Along with the increasingly severe and diverse application environments of base station and tag type positioning, targets are expanded from single targets to multiple targets, positioning requirements of the targets are also extended from accurate positioning of the single targets to cooperative positioning of the multiple targets, and cooperative operation tasks among moving targets are increasingly complex, so that the distributed positioning precision of the moving targets is improved, a new positioning technology is required to be adopted, a new positioning algorithm is designed, and the full-space distributed positioning sensing requirements of the moving targets are met.

Disclosure of Invention

The invention aims to: the invention provides a method for resolving and evaluating errors of moving targets in a noisy network, which adopts multi-source signals between a plurality of base stations and labels to locate the moving targets in real time and solves the problems of inaccuracy or partial area location failure in target location.

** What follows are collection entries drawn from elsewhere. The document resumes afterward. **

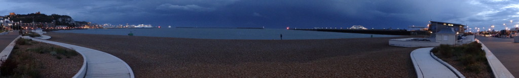 Dave the motorhome is excited. He’s been asking ‘are we nearly there yet’ all the way down to Stonehenge and across to Dover. Even the snarling traffic on the M25 and M20 didn’t phase him. He’s calmed down now we’re finally here, in a freebie (between 6pm and 9am) spot looking out over the pebble beach towards France, cloaked in darkness and spitting and spluttering lightning (N51.12121 E1.31365). It’s magical, we’re finally getting excited after a few days of gut-wrenching goodbyes.
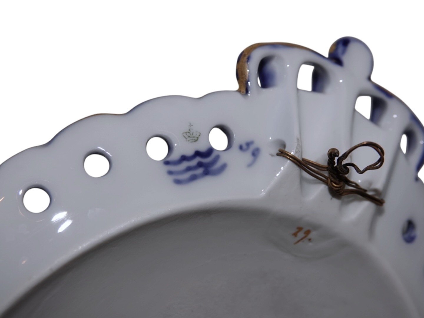 Royal Copenhagen Mindeplatte fra 1898 med guldkant.
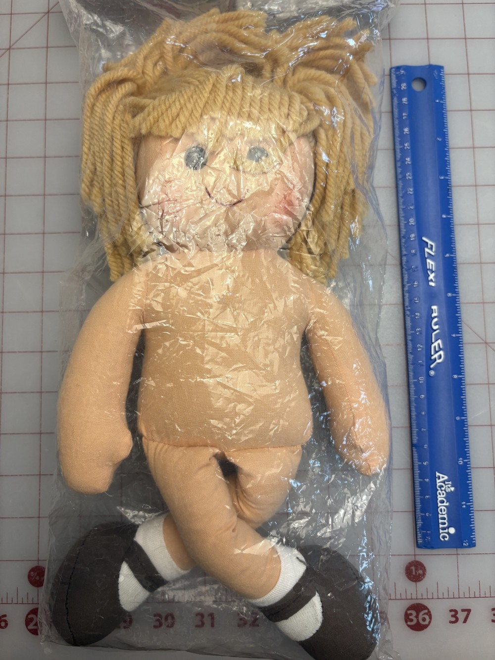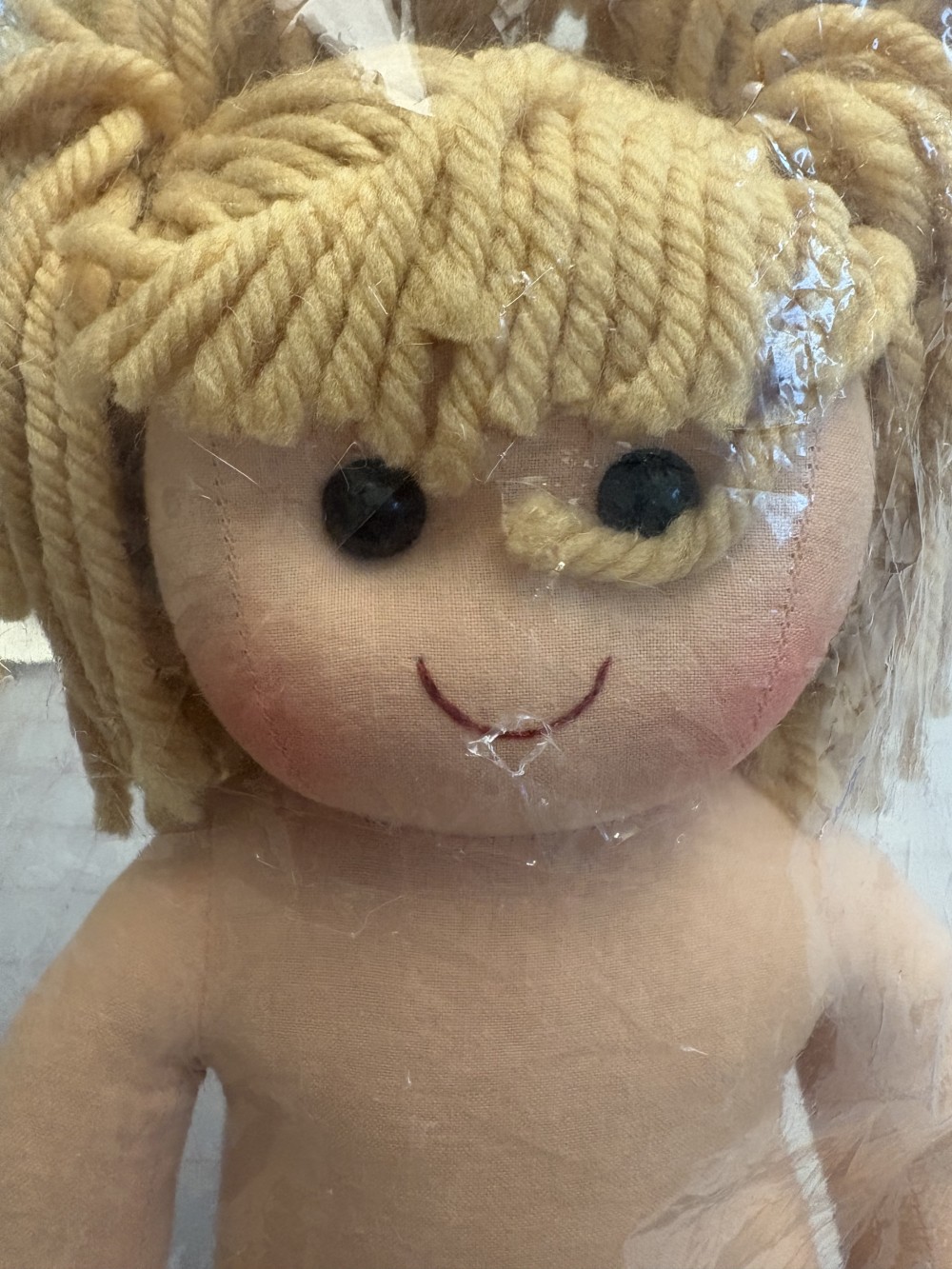 Doll is 13 3/4" tall.New in packagingBlonde yarn hairSoft texture.
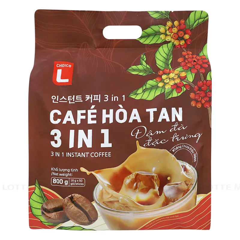 - Cà Phê 3IN1 Choice L sở hữu vị đắng quen thuộc và hương thơm tự nhiên vốn có, sản phẩm được tạo ra để mang đến cho người dùng một loại cà phê nguyên chất và thuần khiết. Bạn sẽ cảm nhận được cái hương vị đậm đà đặc trưng quen thuộc, vị đắng dịu nhẹ ban đầu và hậu vị cà phê đọng lại nơi cổ họng không thể nào quên.
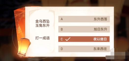 答案:金乌代表太阳,西坠表示太阳下山;玉兔代表月亮,东升表示月亮升起。这与“夜以继日”的意思相符合,表示夜晚接着白天继续进行。因此是夜以继日。
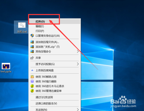 然后回到桌面,在文件上点击鼠标右键,选择“打开”,即可执行关机程序了。
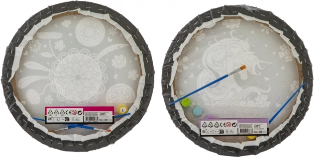 Descoperă creativitatea relaxantă cu un set practic pentru pictură după numere în format tablou rotund cu diametrul de 30 cm. În pachet găsești tot ce ai nevoie: 6 acuarele și 2 pensule (lată și rotundă). Poți alege dintre 2 motive – mandală și unicorn, ideale atât pentru începători, cât și pentru avansați.
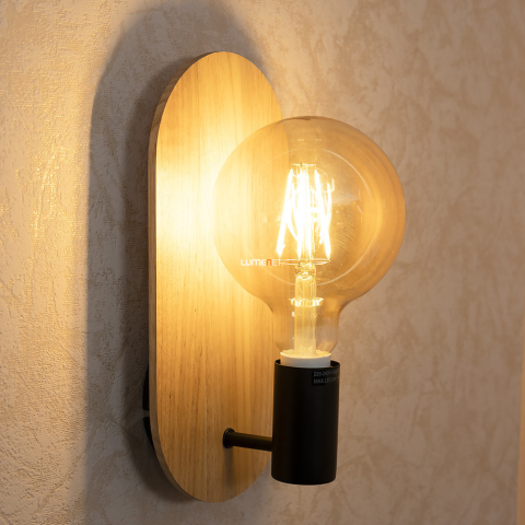 A Ledvance fali lámpa fa hatású (Decor Wood) kivitelben készült, amely természetes fa és fekete színkombinációval rendelkezik. A lámpatest egy darab E27 foglalattal szerelt, amely nem tartalmaz fényforrást, így a felhasználó szabadon választhatja meg a me
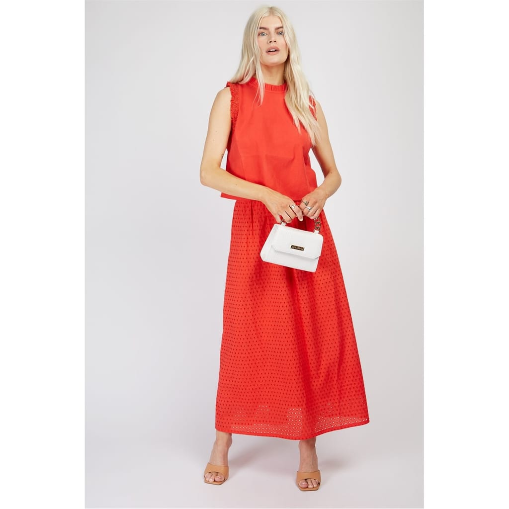 Discover the Little Mistress cropped top, perfect for summer. This sleeveless piece features a high neck and ruffle sleeves, adding a touch of elegance to its solid design. With a regular fit, it's part of the casual collection, making it an ideal choice for warm weather. -
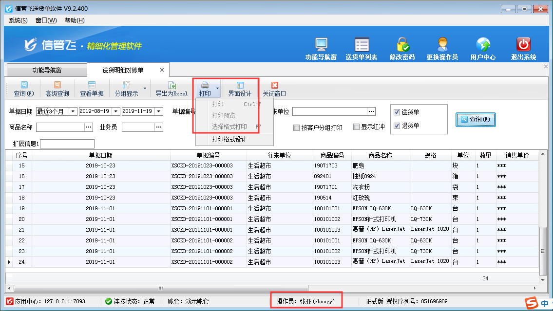 信管飛送貨單軟件為集訂單管理、送貨管理、收款結算等功能并支持送貨明細對賬及業務綜合對賬的送貨單打印軟件。軟件根據錄入的每張訂單及送貨單等數據,可以自動生成統計報表,完成企業銷售統計查詢和與客戶對賬的目的,如下圖所示。如果不希望員工賬號登錄后打印送貨明細對賬單,如何設置呢?本篇文章介紹一下具體操作步驟。    登錄軟件,在功能導航窗
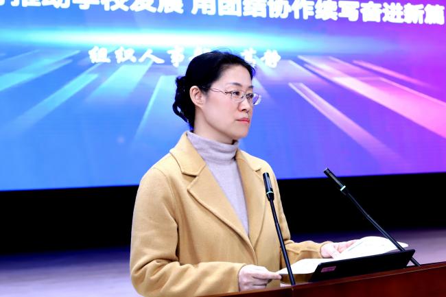 党委副书记、校长倪杰同志总结了2024年度重点工作,部署了2025年主要工作。她指出,过去一年全校上下凝心聚力、实干担当,取得了“1个提升、2个强化、3个实现、4个达成”的工作成果。实现了学校整体办学水平的较大提升;思政教育改革提升育人实效得到强化,产教融合与校企合作得到强化;实现招生就业质量优化、实现“三全育人”成效彰显和实现终身教育影响力扩大;宣传思想文化工作任务达成、强化师资队伍建设的目标达成、完善内部治理体系的任务达成,校园安全稳定使命达成。她结合全国、省市教育大会的精神、教育强国建设的战略部署,“双高计划”建设的新要求,分析了面临的形势与挑战,并就2025年主要工作进行部署。一是加强党的领导,全面从严治党,提高办学水平;二是落实立德树人根本任务,夯实“三全育人”工作体系;三是弘扬教育家精神,打造新时代高素质教师队伍;四是强化高质量产教融合,提高人才培养质量;五是落实终身教育泛在可及,服务市民美好生活;六是提升学校治理水平,统筹发展和安全。号召全体教职工要坚决落实教育强省“三步走”战略部署,勇担使命与担当,奋力提升“两教融合”新型高校建设的新质效,书写属于学校自己的教育新篇章!
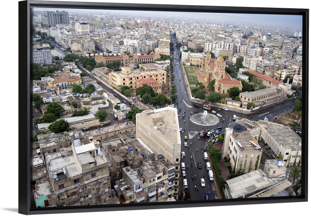 <p>Roundabout, DJ Science College, SM Law College, Memon Masjid, UBL Bank, Cars, Bikes, Cloudy weather.</p>
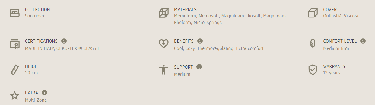 Sontuoso Primo 12 embodies all the wealth of a handcrafted tradition and combines it with the high quality of the materials and the use of the most advanced manufacturing technologies. The art of knowing how to help people sleep in style is authenticated by the elegant signature design and provides a soft support in 30 cm of height.
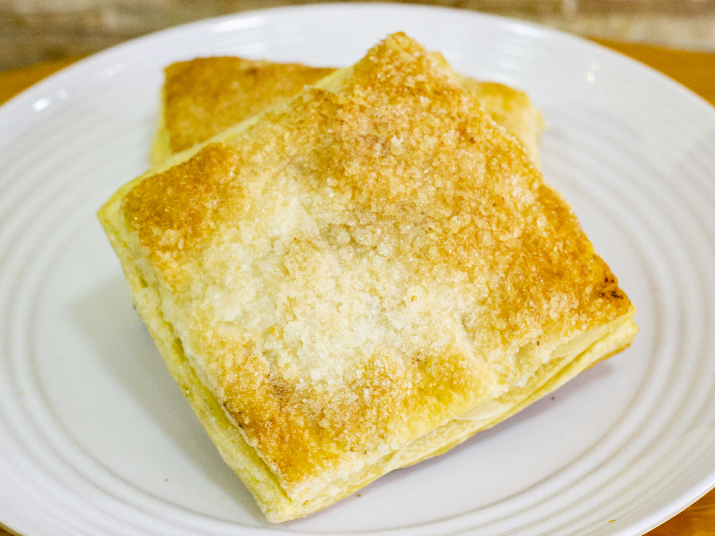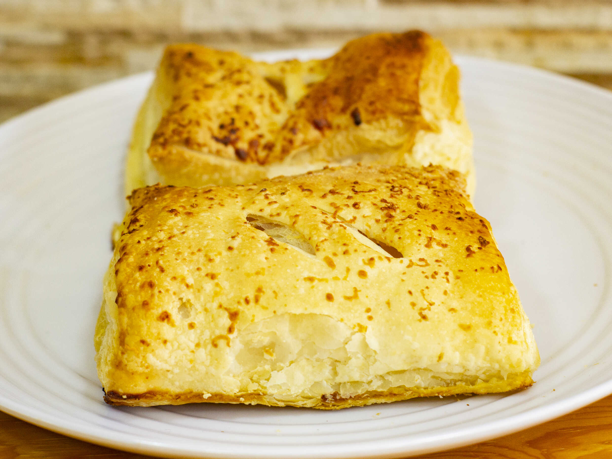 Pastel cuadrado hojaldrado relleno de cuajada.

The technical scheme is as follows: the invention relates to a method for positioning and resolving a moving target and evaluating errors under a noisy network, which comprises the following steps:

(1) Based on a sensing network formed by a tag installed on a moving target and a base station installed in a positioning area, solving a base station set which can be perceived by the corresponding moving target moving time mark;

(2) Solving the differential distance between the tag and the base station by adopting a signal arrival time difference, and estimating primary distance estimation values between different targets and the base station by using unscented particle filtering under a noisy wireless signal;

(3) Solving the real-time position of the moving target based on the primary distance estimation value and the separation variable method;

(4) And calculating a covariance matrix and a corresponding positioning error caused by uncertainty in the base station calibration and signal measurement processes by considering the base station reference coordinates and calibration errors, the signal ranging values and the ranging errors.

Further, the step (1) includes the steps of:

(11) The moving target positioning area is L multiplied by W multiplied by H; the base station set is AN _S＝{AN₁,AN₂,…,AN_m, wherein m is the number of base stations; the label set is MN _S＝{MN₁,MN₂,…,MN_n, wherein n is the number of labels;

(12) The signal arrival time difference is adopted for the sensing signals between the multiple base stations and the tag, and then the arrival time difference to differential distance conversion model between the base station AN _i and the base station AN ₁ and the tag MN _j is expressed as follows:

Wherein t _i represents the signal arrival time between the base station AN _i and the tag MN _j, t _i-t₁ represents the wireless signal arrival time difference between the base station and different tags, i ε m and j ε n;

(13) Different wireless signals from the base station are received by the target in the moving process, the base station is calibrated to obtain a coordinate value a _i＝[ax_i,ay_i,az_i]^T based on the label x _j＝[ux_j,uy_j,uz_j]^T of the target in different positions as a circle center, and a corresponding perception base station set is obtained when the geometric distance between the label and the base station is equal to a _i-x_j||≤R_s, wherein R _s is a perception radius.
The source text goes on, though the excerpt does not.